Three Steps to Fix Our Schools

Courtney Williams's picture
Tuesday, January 10, 2012

The nation's public schools have been battered by a continuing stream of bad news in the past few years, challenging what at one time was considered one of the world's leading education systems.

In 2010, the results of international testing comparing students in 34 developed countries showed a stunning decline in U.S. test scores. The U.S. had sunk to the middle of the pack in reading and science and near the bottom in math. Secretary of Education Arne Duncan said, "The hard truth is other countries have passed us by during the past two decades. Americans need to wake up to this educational reality — instead of napping at the wheel while emerging competitors prepare their students for economic leadership."

This year, the nation's leaders will be tested to put aside partisan differences to respond to the demands of a highly competitive global economy that requires a skilled work force. Preparing to meet this challenge will become a major part of this election year's political debate.
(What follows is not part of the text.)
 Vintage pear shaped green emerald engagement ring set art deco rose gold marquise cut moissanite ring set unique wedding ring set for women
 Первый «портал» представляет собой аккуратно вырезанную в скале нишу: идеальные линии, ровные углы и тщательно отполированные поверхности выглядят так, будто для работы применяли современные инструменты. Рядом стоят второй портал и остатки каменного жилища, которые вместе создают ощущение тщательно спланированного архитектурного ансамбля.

As the new year begins, here are three recommendations for policymakers to consider.

Rewrite the Elementary and Secondary Education Act. This punitive law, which in its current form is known as the No Child Left Behind Act, is long overdue for renewal and is now a drag on the nation's schools. Even though most members of Congress agree NCLB has outlived its usefulness, the House and Senate are promoting two different approaches. The last time the federal law was amended, in 2002, it had bipartisan support. Both sides must again come together for the sake of our schools. The new law should focus less on using assessments to penalize schools and teachers and more on student growth and achievement.

Recruit and retain the best teachers. Most studies show that countries scoring high on international tests place a higher value on teaching than the U.S. and attract their top students into the profession. Teaching candidates compete for positions in schools of education where only the best prospects are accepted. Teachers' opinions, in those countries, are respected on matters of classroom curriculum and school reform. In contrast, educators here feel undervalued. The U.S., where 50 percent of teachers leave the profession after five years, needs to design new ways to draw the best candidates to the classroom and develop career ladders to make it more attractive to stay there.
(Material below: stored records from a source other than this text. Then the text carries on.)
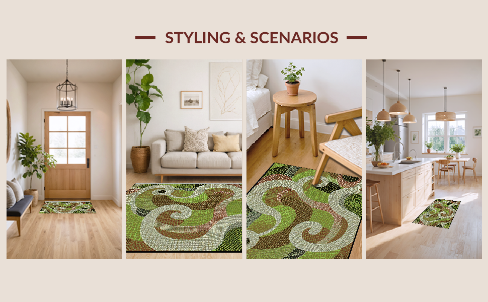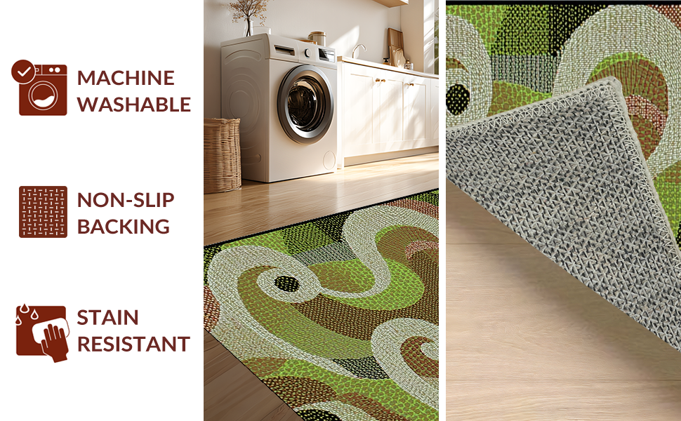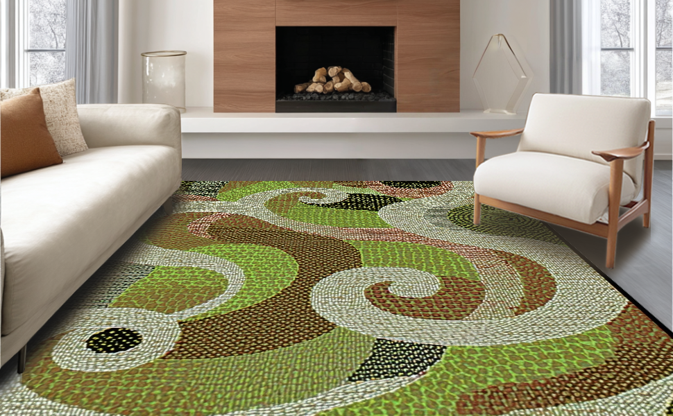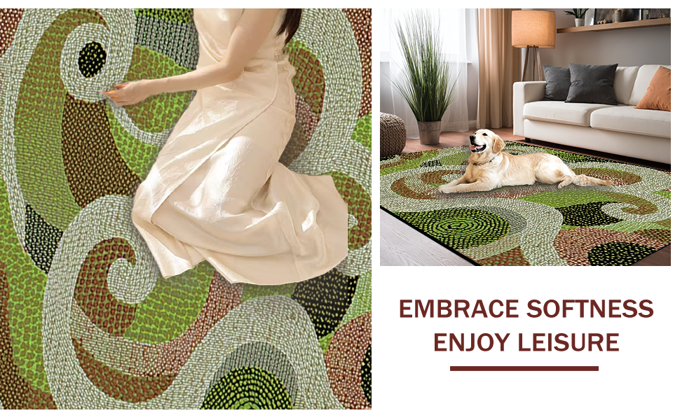 Ultra Soft Area Rug, Non Slip, Stain Resistant, Washable Area Rugs for Living Room, Bedroom, Contemporary Earth Tone Design(Green) Overview:
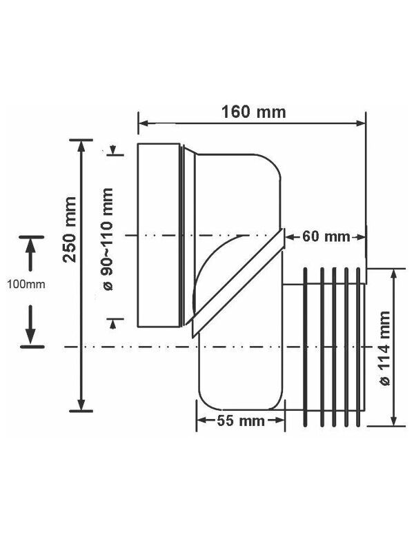 Фановая труба (L160мм) с прокладкой и 100мм смещением; вход на 90-110мм; выход вставляется внутрь 4"/110мм трубы
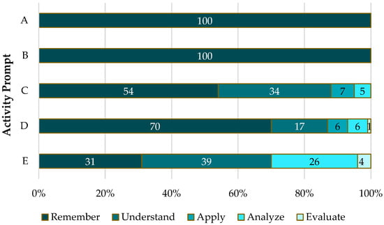 Proportion of content questions asked, ranked using Bloom’s taxonomy.
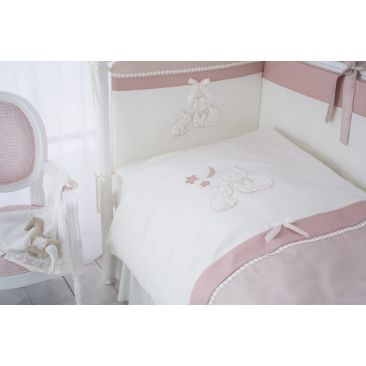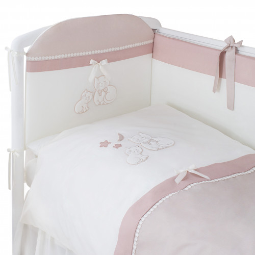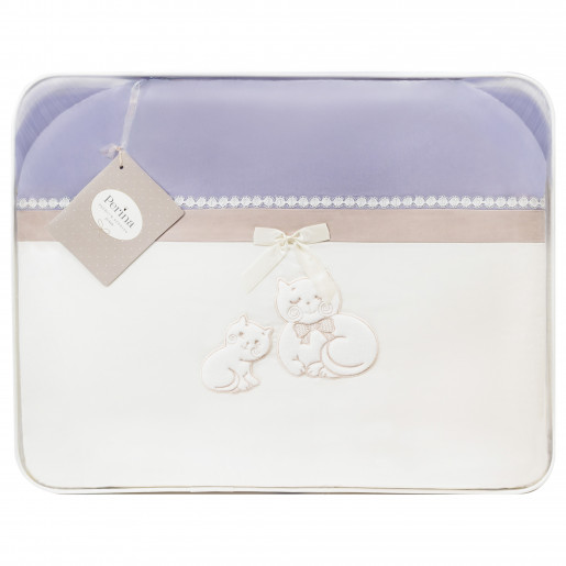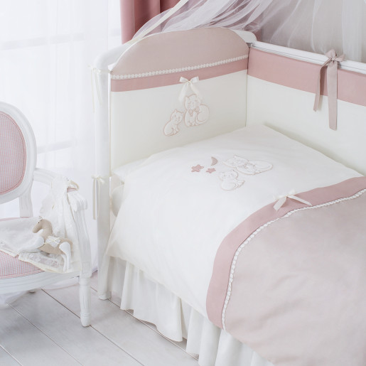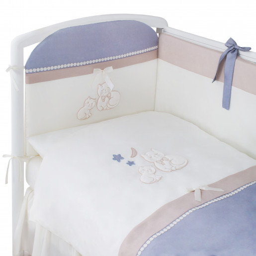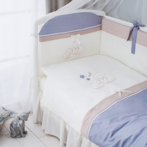 Модель «Котята» - это благородные оттенки, изящные детали, воздушные кружева и нежный элитный сатин с эффектом шелка. Каждое движение подарит вашем малышу приятные ощущения, сравнимые только с ласковым маминым прикосновением. Пушистые котята - натуральные аппликации из велюра - успокоят своей мягкостью перед сном, а днем станут прекрасным развлечением для маленького первооткрывателя.
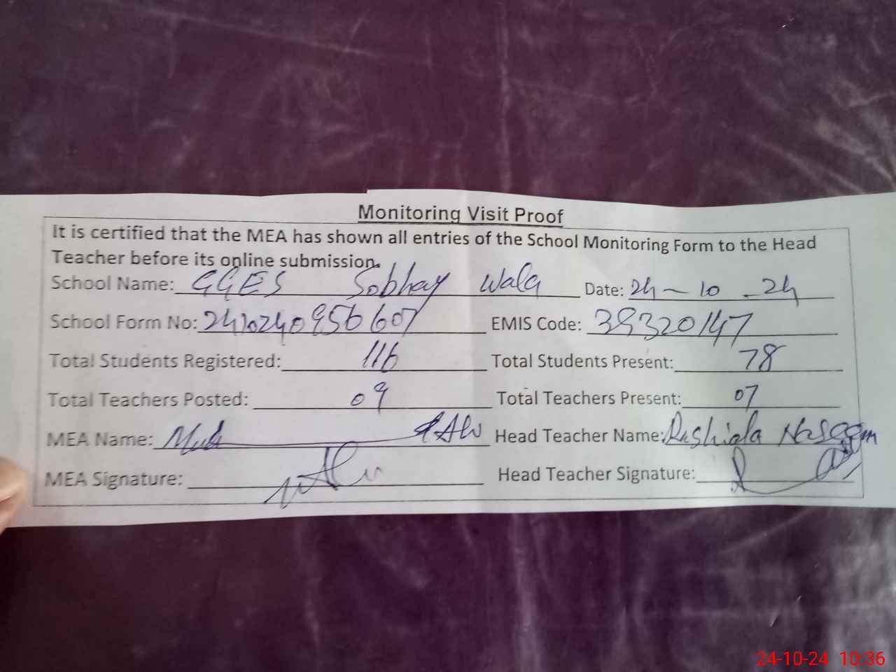 | EMIS Code: 39320147 | Name of School: GGES SOBAY WALA | |||

Address the growing income gap. The Organization for Economic Cooperation and Development reported in December that the income gap between the rich and poor is now greater in the United States than all developed countries except for Chile, Mexico and Turkey. For years, policymakers have played down the implications of how increasing income equality undermines the education poor children receive. Last fall, two researchers, Richard Murnane of Harvard and Greg Duncan of the University of California-Irvine, published a landmark study, called "Withering Opportunity," analyzing the impact of this trend. The study reported that the achievement gap between children from high- and low-income families is 30 percent to 40 percent higher among children born in the last decade that those born 25 years earlier. (As noted in the report, the family has more influence on a student's performance than either school or community.)